Well, you could modify the regex, but it won't be very nice -- should you allow "extn"? How about "extentn"? How about "and then you have to dial"?

I think the "right" way to do this is to add a separate, numerical, extension form box.

But if you really want the regex, I think I've fixed it up. Hint: you don't need [x] for a single character, x will do.

/^\(?(\d{0,3})\)?(\.|\/)|\s|\-)?(\d{3})(\.|\/)|\s|\-)?(\d{4})\s?(x|ext)?(\d*)$/

You allowed a dot, a slash, a dash, and a whitespace character. You should allow only one of these options. You'll need to update the references to $matches; the useful groups are now 0, 2, and 4.

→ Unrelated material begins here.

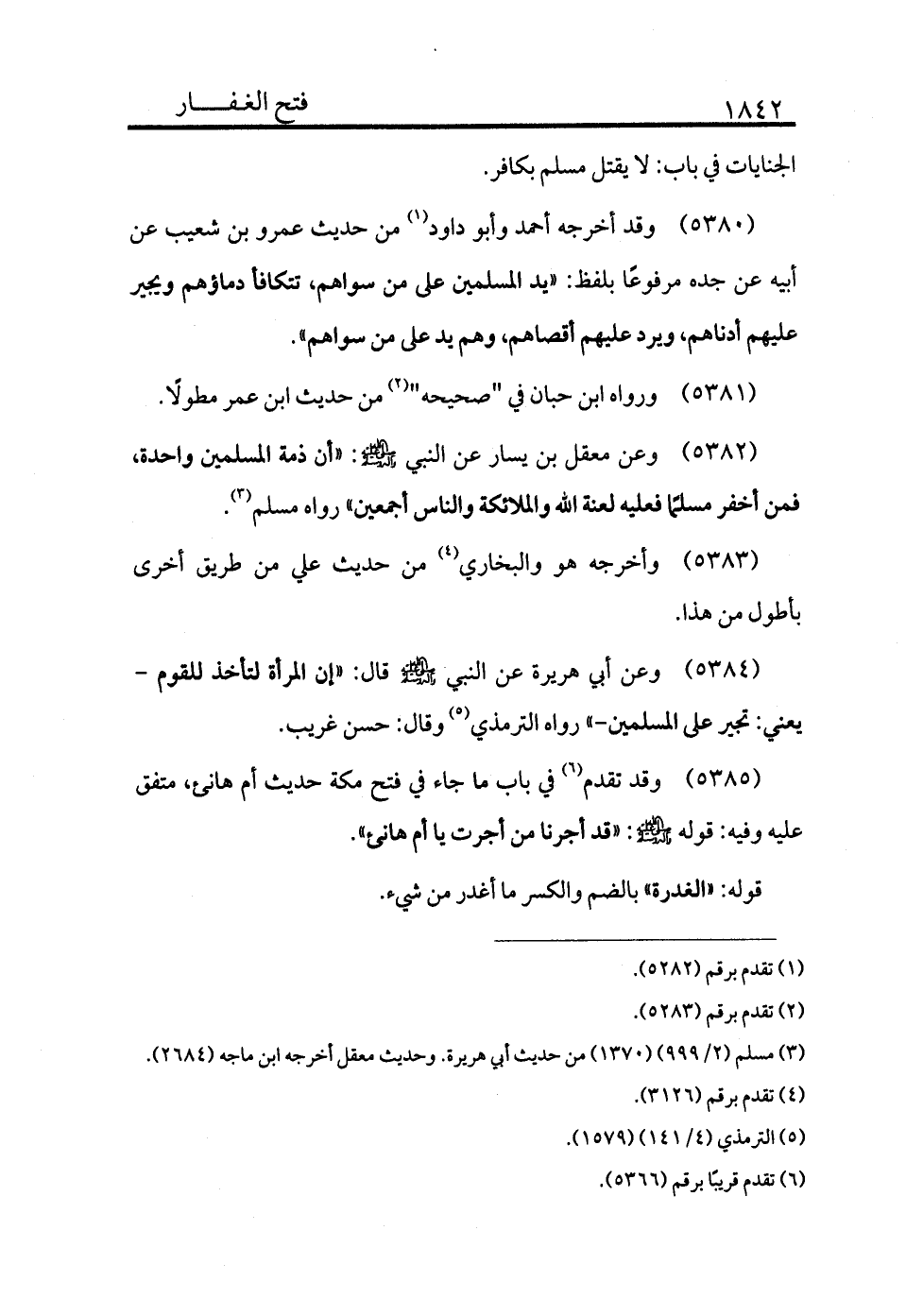 5382 - وعن معقل بن يسار عن النبي - صلى الله عليه وسلم - «أن ذمة المسلمين واحدة، فمن أخفر مسلمًا فعليه لعنة الله والملائكة والناس أجمعين» رواه مسلم (¬3) .

P.S. This is untested, since I don't have a reference implentation of PHP running. Apologies for mistakes, please let me know if you find any and I'll try to fix them.

Edit

This is summed up much better than I can here.

katrielalex
haha, I understand where you're coming from... It could turn into a neverending battle... However, I think that for simplicity's sake I'd rather have the phone number done all in one shot.I guess I could break off the extension as a last resort though.
Josh
The regex at the moment allows `x` or `ext`. If you want to add other options, you can put them in by changing `(x|ext)` to `(x|ext|spam|ham|eggs)`. However, I think if a user actually wants to put in an extension, this will cause no end of confusion.
katrielalex
+2  A: 

The current REGEX

/^[\(]?(\d{0,3})[\)]?[\.]?[\/]?[\s]?[\-]?(\d{3})[\s]?[\.]?[\/]?[\-]?(\d{4})[\s]?[x]?(\d*)$/

has a lot of issues, resulting in it matching all of the following, among others:
(0./ -000 ./-0000 x00000000000000000000000)
()./1234567890123456789012345678901234567890
\)\-555/1212 x

I think this REGEX is closer to what you're looking for:

/^(?:(?:(?:1[.\/\s-]?)(?!\())?(?:\((?=\d{3}\)))?((?(?!(37|96))[2-9][0-8][0-9](?<!(11)))?[2-9])(?:\((?<=\(\d{3}))?)?[.\/\s-]?([0-9]{2}(?<!(11)))[.\/\s-]?([0-9]{4}(?<!(555(01([0-9][0-9])|1212))))(?:[\s]*(?:(?:x|ext|extn|ex)[.:]*|extension[:]?)?[\s]*(\d+))?$/

or, exploded:

<?
    $pattern = 
    '/^                                                     #  Matches from beginning of string

        (?:                                                 #  Country / Area Code Wrapper [not captured]
            (?:                                             #  Country Code Wrapper [not captured]
                (?:                                         #  Country Code Inner Wrapper [not captured]
                    1                                       #  1 - CC for United States and Canada
                    [.\/\s-]?                               #  Character Class ('.', '/', '-' or whitespace) for allowed (optional, single) delimiter between Country Code and Area Code
                )                                           #  End of Country Code
                (?!\()                                      #  Lookahead, only allowed if not followed by an open parenthesis
            )?                                              #  Country Code Optional
            (?:                                             #  Opening Parenthesis Wrapper [not captured]
                \(                                          #  Opening parenthesis
                (?=\d{3}\))                                 #  Lookahead, only allowed if followed by 3 digits and closing parenthesis [lookahead never captured]
            )?                                              #  Parentheses Optional
            ((?(?!(37|96))[2-9][0-8][0-9](?<!(11)))?[2-9])  #  3-digit NANPA-valid Area Code [captured]
            (?:                                             #  Closing Parenthesis Wrapper [not captured]
                \(                                          #  Closing parenthesis
                (?<=\(\d{3})                                #  Lookbehind, only allowed if preceded by 3 digits and opening parenthesis [lookbehind never captured]
            )?                                              #  Parentheses Optional
        )?                                                  #  Country / Area Code Optional

        [.\/\s-]?                                           #  Character Class ('.', '/', '-' or whitespace) for allowed (optional, single) delimiter between Area Code and Central-office Code

        ([0-9]{2}(?<!(11)))                                 #  3-digit NANPA-valid Central-office Code [captured]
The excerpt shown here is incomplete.